(Dataset section):
* * * * *

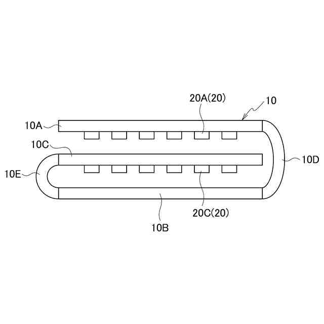 図1B又は図2Bに示す基材を折り曲げた後の状態を示す側面図である。
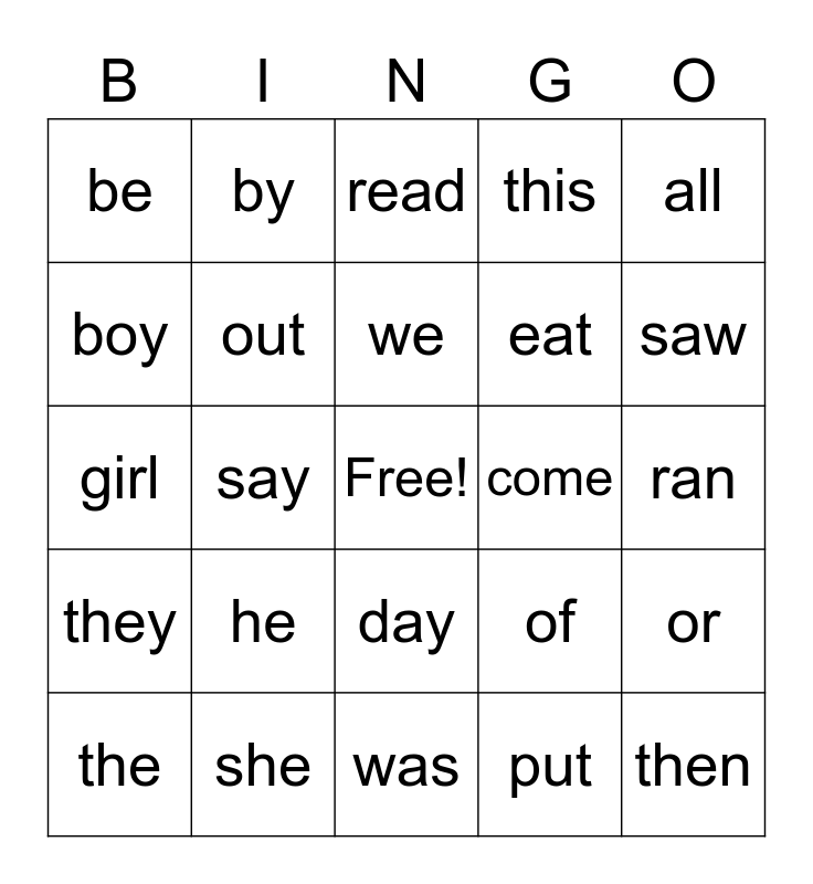 This bingo card has a free space and 24 words: he, she, we, the, all, be, boy, by, come, day, eat, girl, of, or, out, put, ran, read, saw, say, then, they, this and was.
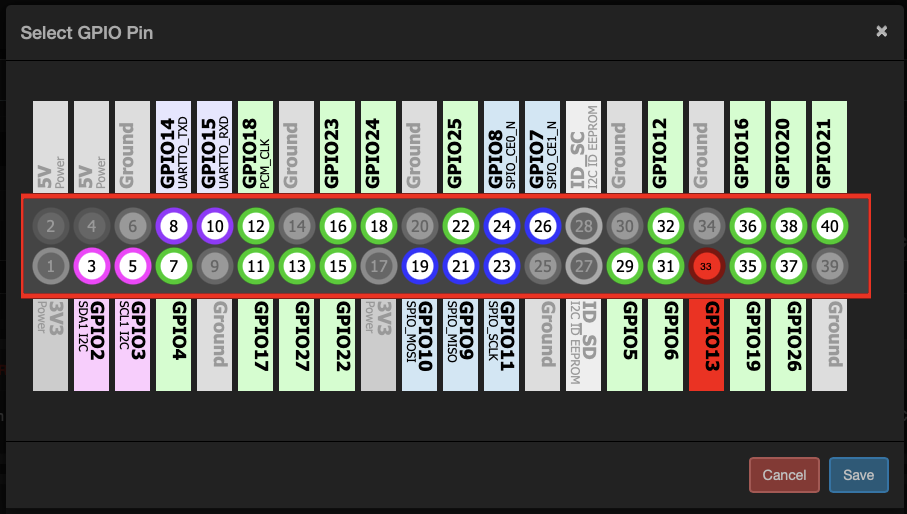 This field will allow the user to select a gpio pin using a graphical interface. The user simple needs to click on the pin they require.

* * * * *

(Task goal): Wherever a picture appears in the listing above, drop it, and restate the rest exactly.

(Task answer):
 図1B又は図2Bに示す基材を折り曲げた後の状態を示す側面図である。
 This bingo card has a free space and 24 words: he, she, we, the, all, be, boy, by, come, day, eat, girl, of, or, out, put, ran, read, saw, say, then, they, this and was.
 This field will allow the user to select a gpio pin using a graphical interface. The user simple needs to click on the pin they require.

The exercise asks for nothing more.